Horrified by this supremacist idea, Rachel returns to Israel to uncover how Emmanuel has come to preach it. As an observant Jew, Rachel is disturbed by this perversion of her faith. We witness her baking the Shabbat bread and reflecting on potential roots to such an ideology within Jewish liturgy. She tracks down the leading rabbis proselytizing to, and writing rituals for, Noahides. She watches them lead online lectures with communities from India to France, Cameroon, and Mexico. She comes to understand one man lies in the center of both the far-right political coalition endorsing a biblical religious state, and in the center of the religious coalition converting Christians into Noahides.
Born in Algeria to a prominent Zionist family and raised in France, Rabbi Uri Cherki immigrated to Israel in his youth and joined the Israeli army. He attended prominent religious schools and studied under esteemed religious leaders, quickly rising to prominence and establishing his own institution – the World Noahide Center. Rachel watches him there preach to French Noahides over Skype. “It’s not about converting 8 billion people,” he says to the webcam. “First, let’s convert 1 billion and we’ll worry about the rest later.” Spending time with Cherki, Rachel discovers the movement has garnered support from the highest levels of government. She follows him as he visits the Minister of Foreign Affairs and witnesses her offer global support for the Rabbi’s proselytizing mission.

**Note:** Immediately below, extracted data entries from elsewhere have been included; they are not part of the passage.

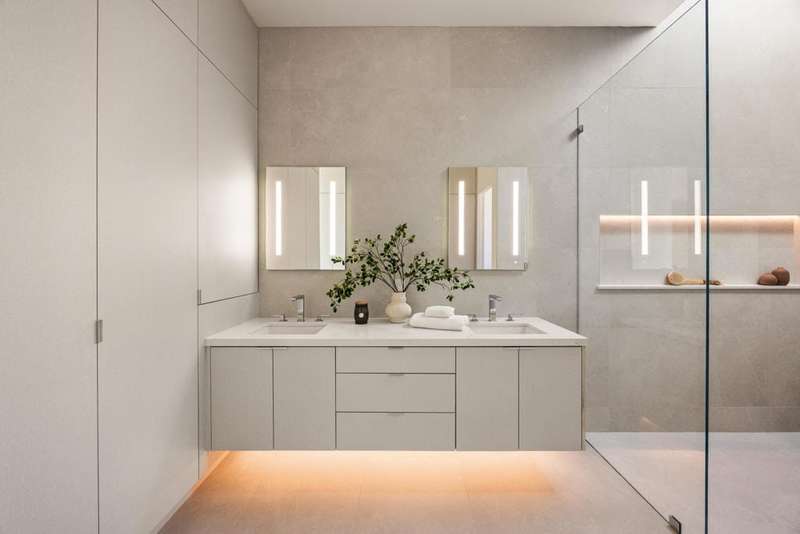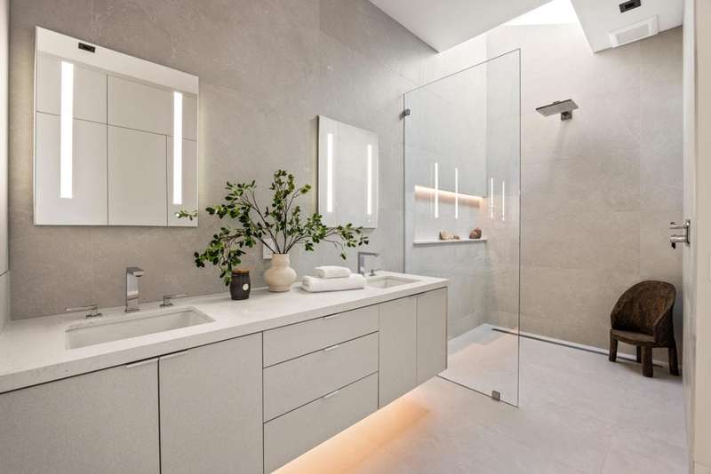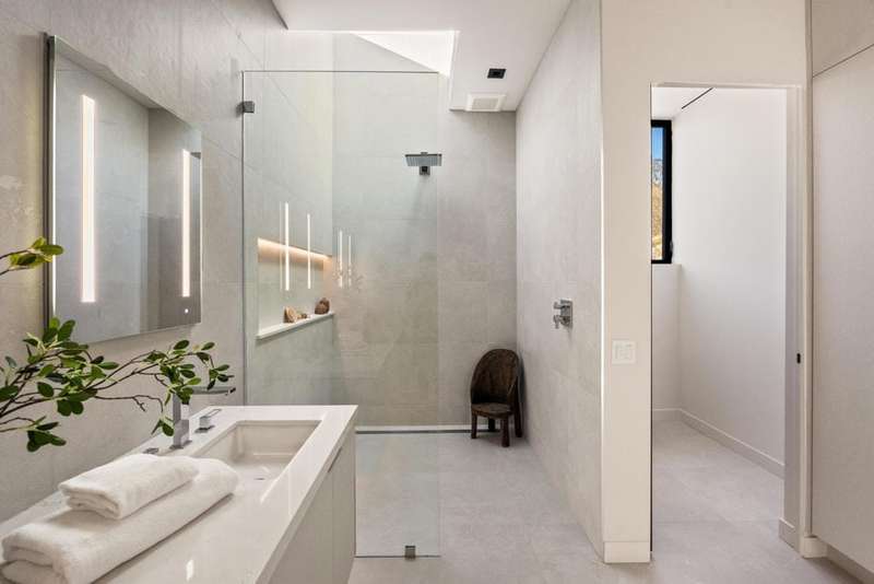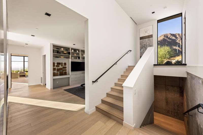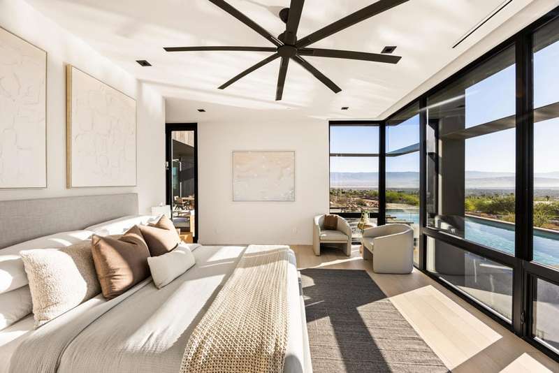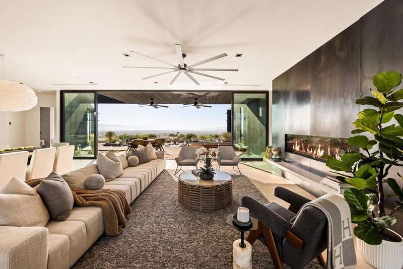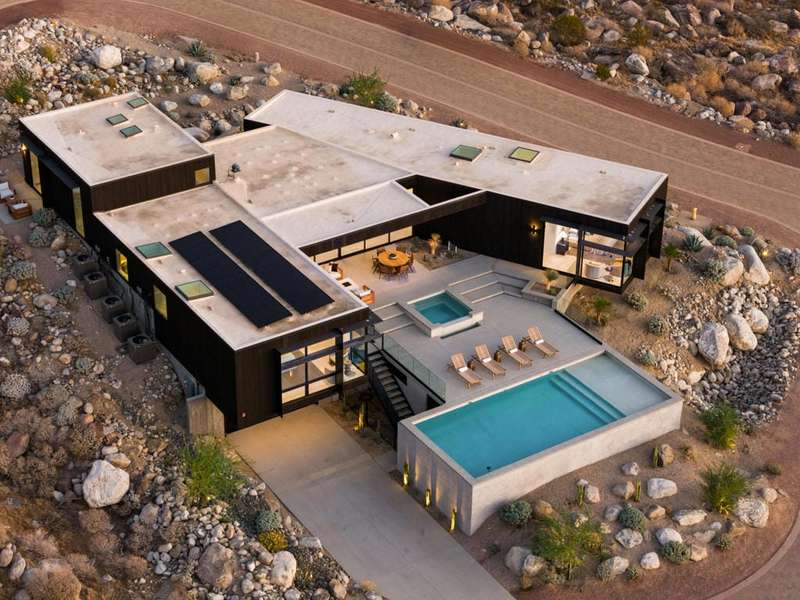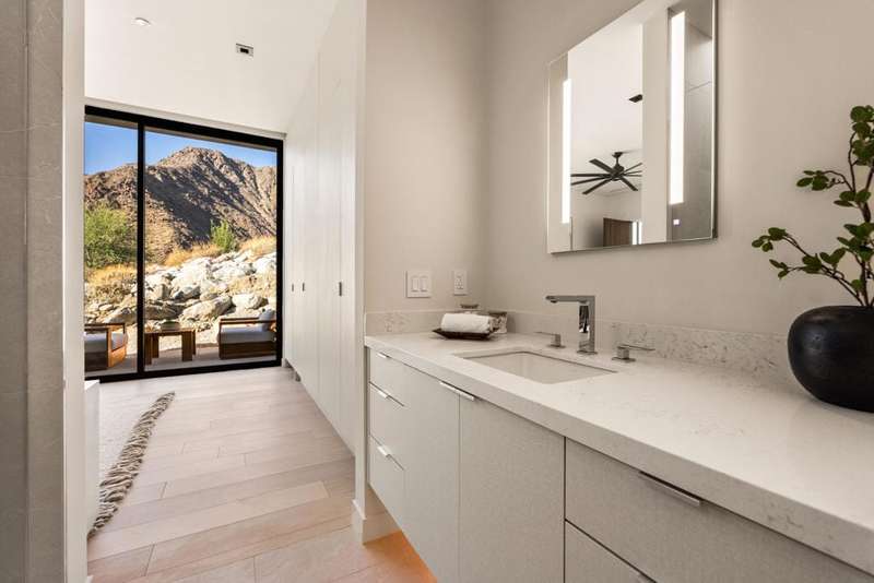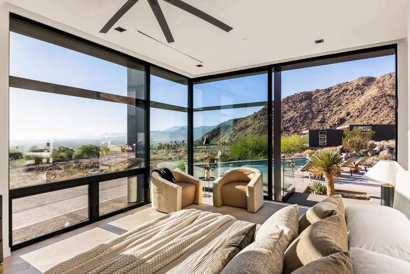 Welcome to the exclusive Desert Palisades enclave in Palm Springs, where world-renowned architects collaborate to create sustainable, cutting-edge homes. Embrace 360-degree mountain views with this newly constructed, architectural gem, surrounded by boulders and nestled in the hills at the base of the San Jacinto Mountains. Nearly 3800 sq.ft. of luxurious living space offering seamless indoor-outdoor living, a spacious open floor plan including living room and dining area, an expansive deck, meticulous landscaping, and a luxurious pool. As you enter the residence, clad in Japanese Sugi Ban wood, you are greeted with phenomenal mountain, desert and city views through floor to ceiling Monumental sliding glass doors and windows. The clear wood oak floors accent the hot rolled steel two-sided fireplace that extends from the living room to the family room/den. The gourmet Chef's kitchen is outfitted with top-of-the-line Miele appliances, two dishwashers, wine refrigerator, Hans Grohe fixtures, Blanco farmhouse-style sink, designer lighting and European-style cabinetry. The primary bedroom suite is an opulent retreat, complete with sliding door access to the outdoor patio, pool & spa, a glass-enclosed shower, luxurious free-standing soaking tub, a hallway of expansive custom closets and its own stackable washer/dryer. There are two lovely, well-appointed guest bedrooms, each with uniquely designed en-suite bathrooms providing their own spectacular mountain and city views. Each bathroom includes beautiful walk-in showers, Robern lighted medicine cabinets, in-wall tank Toto toilets, and ample closet space. Other home features include Eastern European wood interior doors, seven skylights (2 being operable), Kohler bathroom sinks, under cabinet lighting, separate laundry/utility room, 6 state-of-the-art security cameras, owned solar for energy efficiency, 5 HVAC zones and a huge 4-car garage to accommodate both vehicle and storage needs. The expansive outdoor space is an entertainer's dream featuring a built-in firepit and gorgeous custom Pebble-Tec pool with tanning shelf and separate raised spa. The spectacular 360-degree views enhance the beauty and serenity of this home's outdoor living. Surrounded by mountains, this home's design blends seamlessly with the desert landscape, embodying the architectural ethos of the Desert Palisades. Every aspect of this home has been meticulously curated to fashion an exquisite masterpiece of artful living!
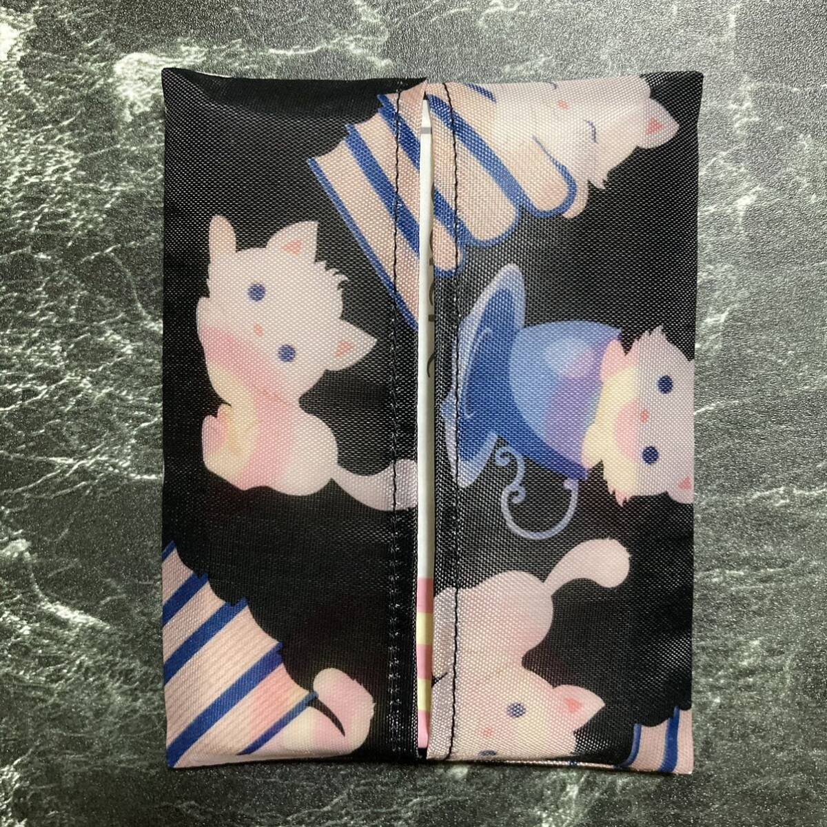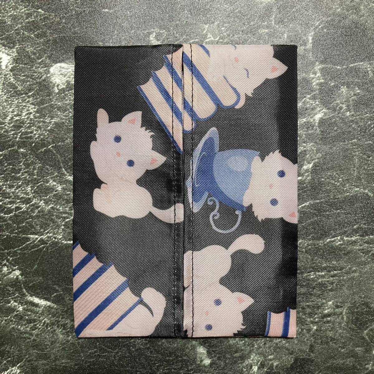 ハンドメイド カップネコ 猫柄 黒系 ポケットティッシュケース 送料無料
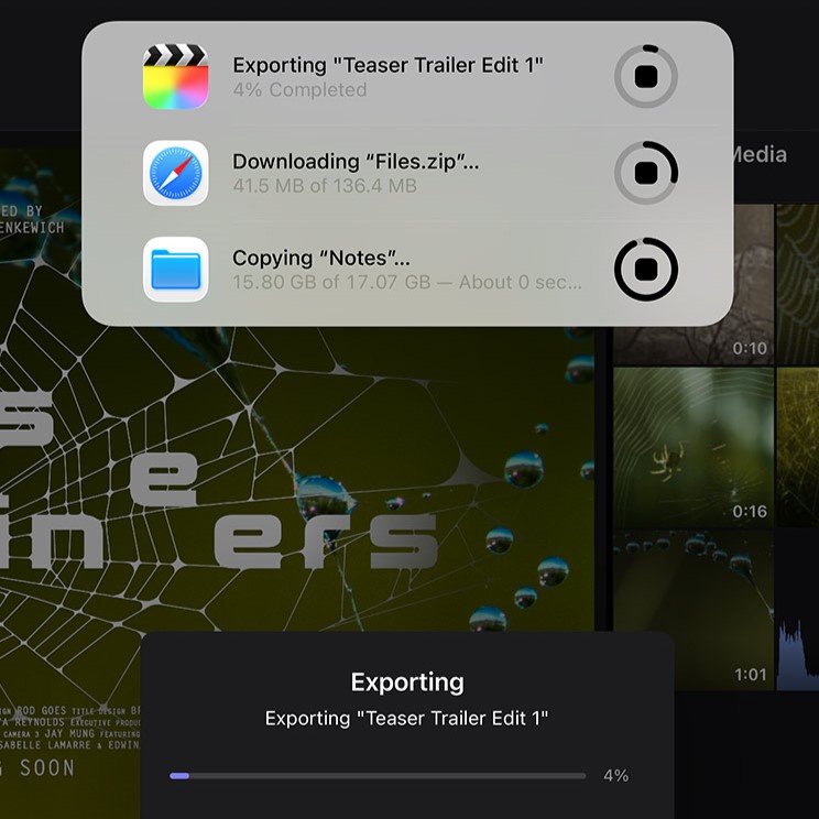 Náročné procesy můžou běžet jako úlohy na pozadí. A všechno, co máš právě spuštěné, se dá snadno spravovat v zobrazení živých aktivit.

Rachel then discovers what role the rabbis see for the Noahides. As one puts it, when all the world’s non-Jews convert, millennia-old Jewish prophecies will be fulfilled. It will begin with the revelation of a Messiah, then a global holy war from which Israel will emerge victorious and rule the world. “We want to bring about one world government, one world religion, which is under the auspices of God who will rule the world through the Messiah,” he says. As the rabbis pave the way for this scenario, other far-right leaders crave the political potential of gaining a global network of spiritual allies, supporting Israel’s conversion into a theocracy. Rachel uncovers that a third of the parliament already supports this idea and that half the Jewish population believes non-Jews should be expelled.